My understanding of SVM is that it’s very similar to a logistic regression (LR), i.e. a weighted sum of features is passed to the sigmoid function to get a probability of belonging to a class, but instead of the cross-entropy (logistic) loss function, training is performed using the hinge loss. The benefit of using the hinge loss is that one can do various numerical tricks to make kernelisation more efficient. A drawback, however, is that the resulting model has less information than a corresponding LR model could have. So, for example, without kernelisation (using a linear kernel) the SVM decision boundary would still be at the same location where LR would output a probability of 0.5, BUT one cannot tell how quickly the probability of belonging to a class decays away from the decision boundary.
My two questions are:
- Is my interpretation above correct?
- How does using the hinge loss make it invalid to interpret SVM results as probabilities?
A SVM does not feed anything into a sigmoid function. It fits a separating hyperplane to the data that tries to put all data points from your training set that are of one class on one side, and all points of the other class on the other.
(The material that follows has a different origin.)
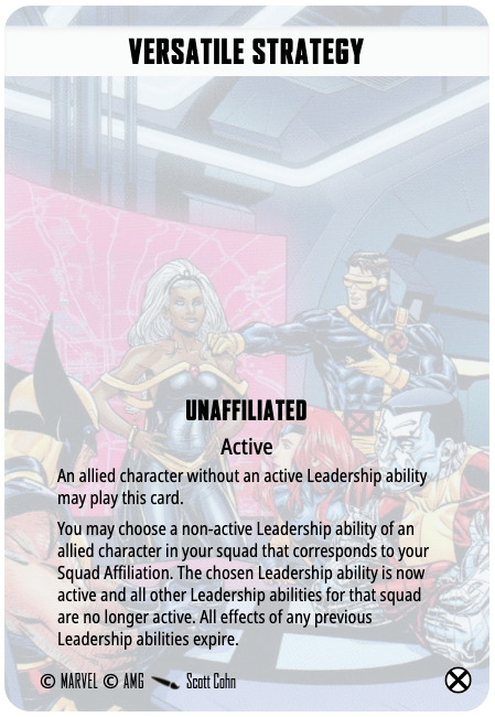 There is a strong play into opponents that want to stack conditions on Asgard: essentially, leverage Jane or Loki’s dice rerolls as long as possible. Then, when Asgard starts to get staggered, shocked, incinerated, stunned, or slowed (or anything that is particularly annoying to the game plan), play Versatile Strategy to switch to Thor and start removing those conditions and enhancing the survivability of the team.
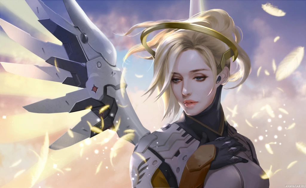Это изображение персонажа из видеоигры Overwatch, известной как Mercy. Она изображена в своей героической позе, держа целебные балки и с ангельскими крыльями, прорастающими из ее спины.

Consequently, it assigns class based on which side your feature vector is on. More formally, if we denote the feature vector as x and the hyperplane coefficients as β and β0 the intercept, then the class assignment is y=sign(β⋅x+β0). Solving an SVM amounts to finding β,β0 which minimize the hinge loss with the greatest possible margin. Therefore, because an SVM only cares about which side of the hyperplane you are on, you cannot transform its class assignments into probabilities.
In the case of a linear SVM (no kernel), the decision boundary boundary will be similar to that of a logistic regression model, but may vary depending on the regularization strength you used to fit the SVM. Because the SVM and LR solve different optimization problems, you are not guaranteed to have identical solutions for the decision boundary.